Tutto giusto, per carità, però, si potrebbe obiettare che questa appartenenza sia soprattutto una questione di Dna. Hollywood era politicamente progressista molto prima che la California diventasse una roccaforte democratica, che fosse così diffuso andare all'università e quando la Screen Actors Guild era ancora agli inizi. Quindi è improbabile che l'attuale profilo demografico di Hollywood sia l'unica spiegazione plausibile delle sue tendenze liberali. Agli albori del cinema, fatta eccezione per Charlie Chaplin, gli attori erano apolitici. Tempi moderni, capolavoro della cinematografia mondiale, era un chiaro manifesto contro la brutalità del capitalismo, la disumanizzazione dell'operaio alla catena di montaggio. La visione politica di Charlot, di forte stampo progressista (anche se il biografo Richard Carr scrisse che «le idee politiche di Chaplin di solito erano piuttosto a sinistra, ma gli sforzi di Mussolini nella creazione di posti di lavoro hanno inizialmente permesso a Charlie di passare sopra gli aspetti negativi del fascismo italiano e di simpatizzare con esso») finì per costargli una persecuzione nel famoso periodo del Maccartismo. Tanto che, una volta a Londra, gli fu impedito di rientrare in America.

A parte Charlot, però, è negli anni Trenta, anche come reazione al trauma della Grande Depressione, che gli attori si spinsero ad abbracciare una politica progressista.
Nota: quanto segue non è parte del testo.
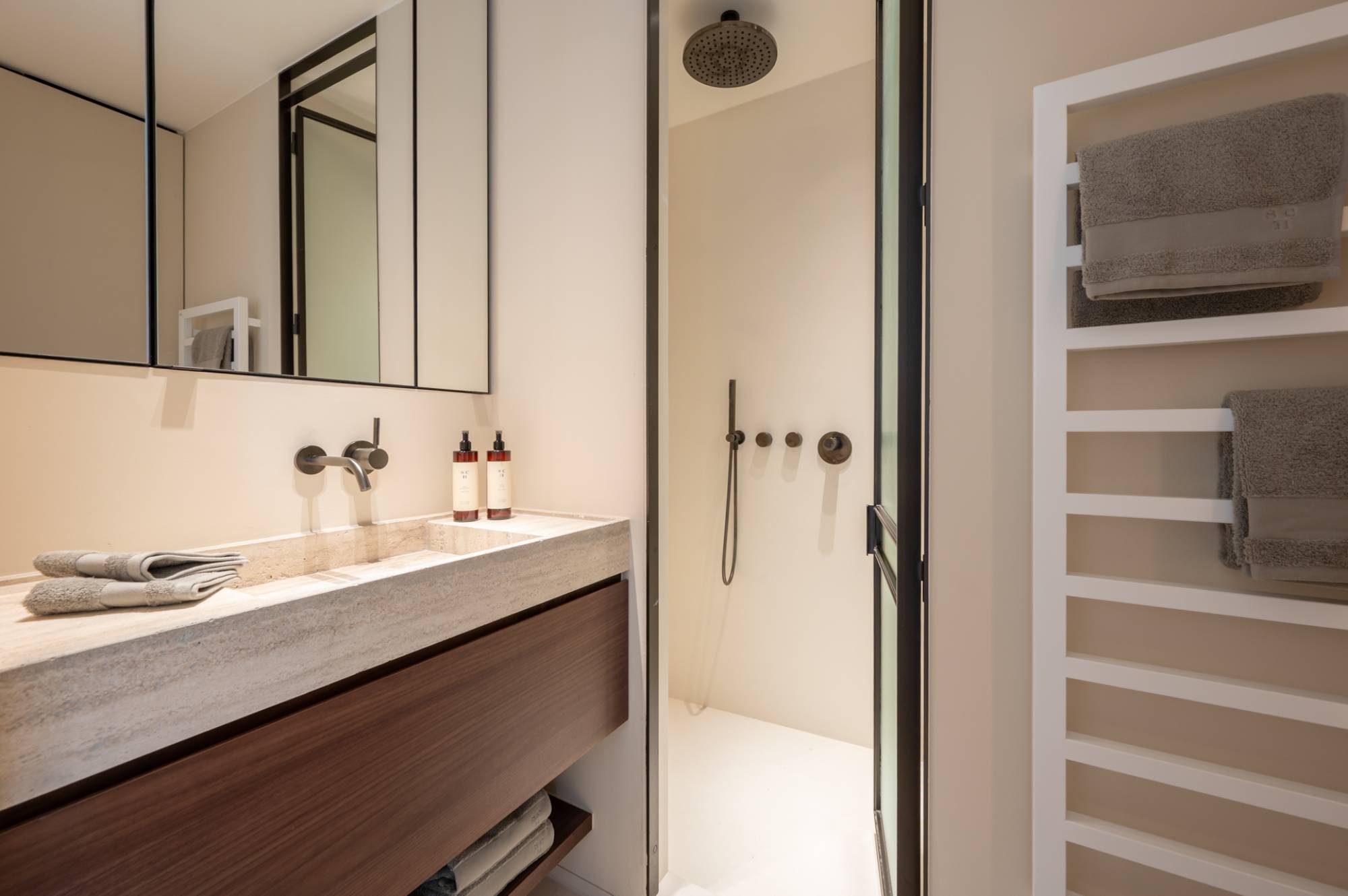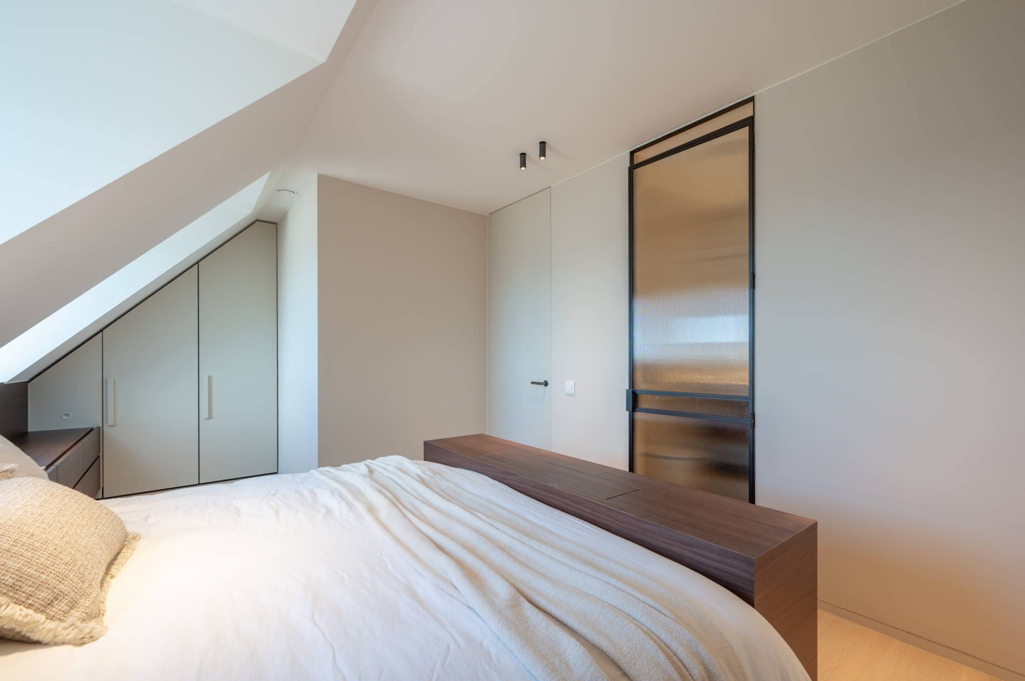 De masterbedroom beschikt over een privébadkamer, terwijl de tweede en derde slaapkamer een gedeelde badkamer hebben. Natuurstenen accenten, ingetogen maatwerk en de subtiele balans tussen hedendaags en tijdloos design maken van dit penthouse een woonervaring van uitzonderlijke kwaliteit.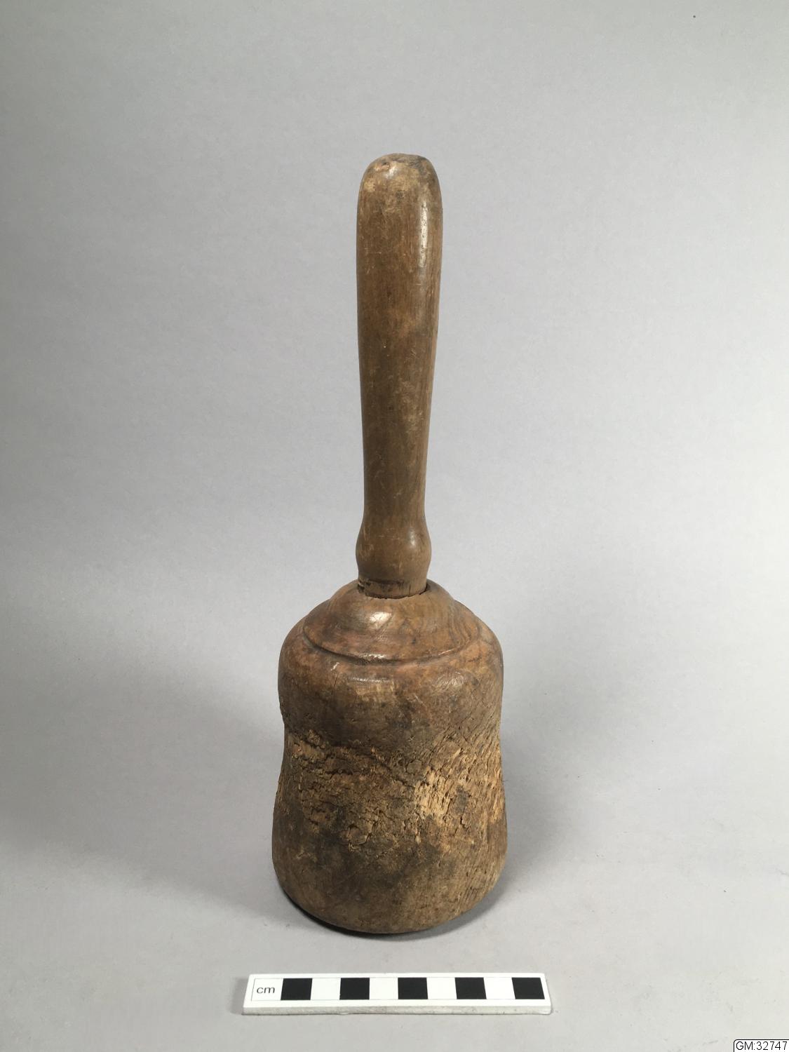 Stenhuggarklubba. Modifierat cylindrisk klubba av trä med mjukt rundade kanter. Svarvat handtag intappat tvärsigenom klubban i dess hela längd. Nött och med många slagmärken. Avsedd att slå på järnet vid bearbetning av lössten (t ex sand- och kalksten samt marmor). Foto se GM 32 741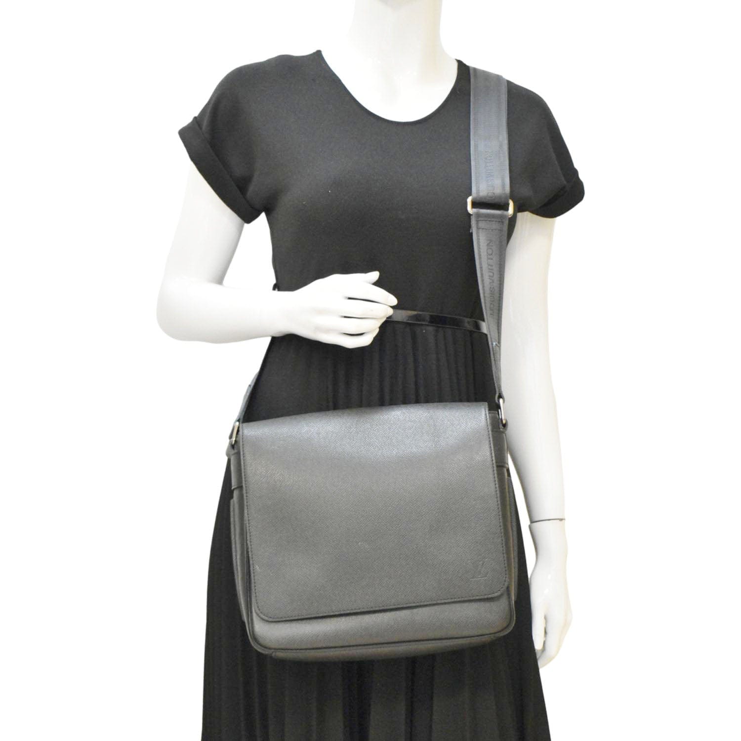 The Louis Vuitton District PM Taiga Leather Crossbody Bag in black features a sophisticated yet casual design crafted from durable Taiga leather. Its adjustable strap and sleek silhouette make it an ideal choice for both everyday wear and stylish outings.
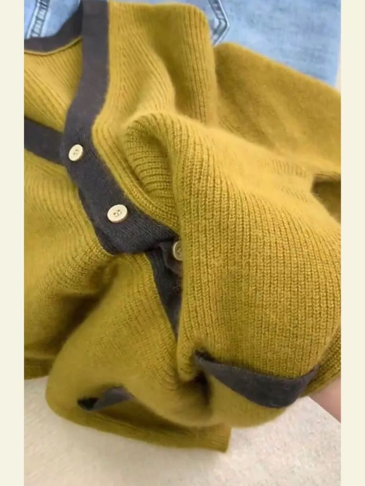 Демисезонный бархатный желтый кардиган, свитер, в корейском стиле, в стиле Шанель

Erano gli anni del New Deal, il piano di riforme sociali ed economiche volute dal presidente Franklin Roosevelt, che venne salutato in maniera entusiastica tra gli artisti del grande schermo, diversamente da quello che fecero alcuni magnati del cinema conservatore come, ad esempio, Louis B. Mayer. Non a caso, la Screen Actors Guild è stata costituita proprio durante quel periodo. Per non parlare del nazismo, che incombeva. Come spiega Gross: «La minaccia del fascismo antisemita ha ulteriormente politicizzato gli attori dello schermo in un'industria che era diventata una nicchia etnica per gli ebrei».

Insomma, gli albori di questo monopolio risalgono a circa un secolo fa e ora gli eredi ne stanno perpetrando la memoria.